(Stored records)
::::::::::

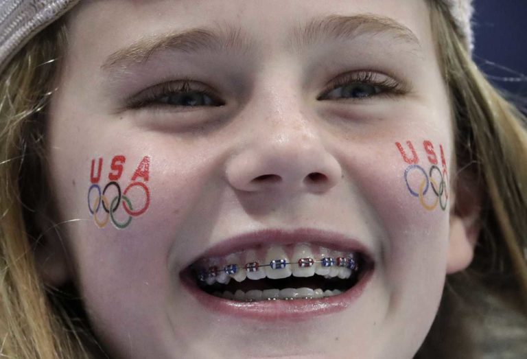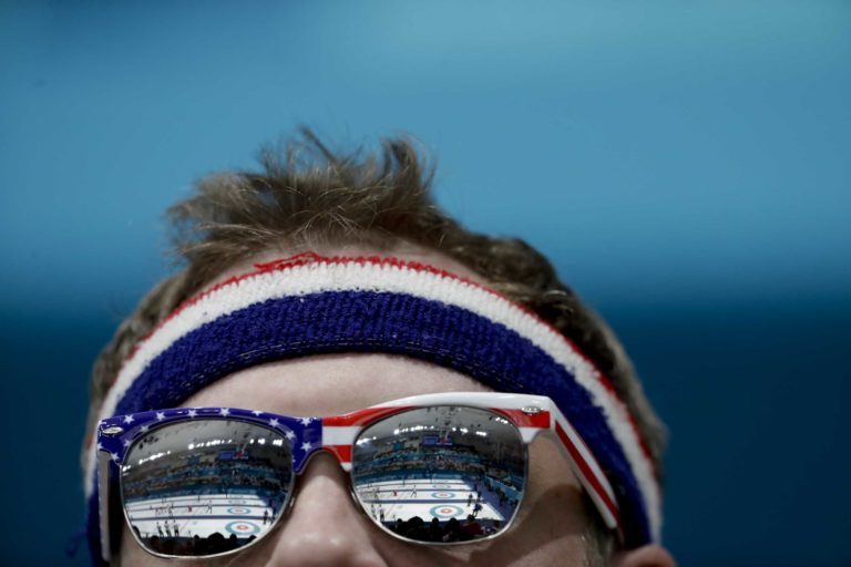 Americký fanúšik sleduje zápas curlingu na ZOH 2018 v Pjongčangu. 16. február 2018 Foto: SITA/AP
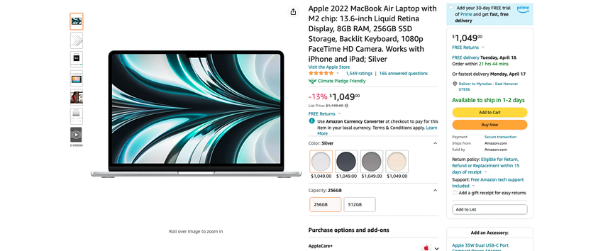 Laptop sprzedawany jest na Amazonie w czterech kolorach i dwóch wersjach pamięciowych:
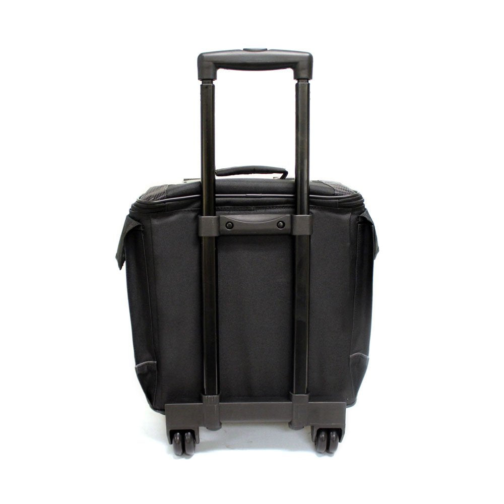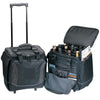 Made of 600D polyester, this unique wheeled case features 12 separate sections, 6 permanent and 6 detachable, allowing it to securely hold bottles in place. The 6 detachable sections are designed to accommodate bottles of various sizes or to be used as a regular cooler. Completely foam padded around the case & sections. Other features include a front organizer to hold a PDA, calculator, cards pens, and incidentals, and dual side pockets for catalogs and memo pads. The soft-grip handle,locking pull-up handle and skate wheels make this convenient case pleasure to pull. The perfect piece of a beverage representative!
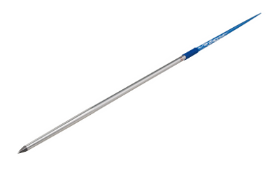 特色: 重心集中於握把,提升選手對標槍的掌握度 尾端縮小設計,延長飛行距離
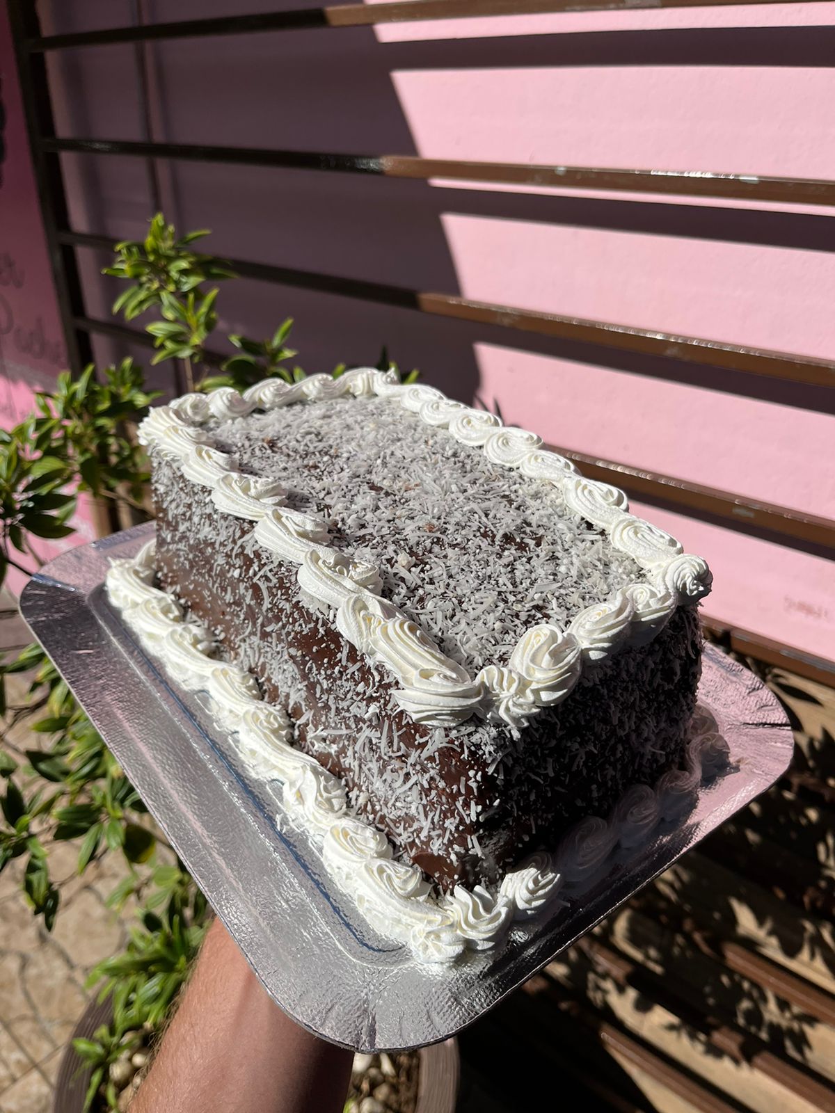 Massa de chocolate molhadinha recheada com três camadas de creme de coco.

::::::::::

■ Problem description ■
Would you mind returning each entry above word for word, skipping the images?

■ Written response ■
 Americký fanúšik sleduje zápas curlingu na ZOH 2018 v Pjongčangu. 16. február 2018 Foto: SITA/AP
 Laptop sprzedawany jest na Amazonie w czterech kolorach i dwóch wersjach pamięciowych:
 Made of 600D polyester, this unique wheeled case features 12 separate sections, 6 permanent and 6 detachable, allowing it to securely hold bottles in place. The 6 detachable sections are designed to accommodate bottles of various sizes or to be used as a regular cooler. Completely foam padded around the case & sections. Other features include a front organizer to hold a PDA, calculator, cards pens, and incidentals, and dual side pockets for catalogs and memo pads. The soft-grip handle,locking pull-up handle and skate wheels make this convenient case pleasure to pull. The perfect piece of a beverage representative!
 特色: 重心集中於握把,提升選手對標槍的掌握度 尾端縮小設計,延長飛行距離
 Massa de chocolate molhadinha recheada com três camadas de creme de coco.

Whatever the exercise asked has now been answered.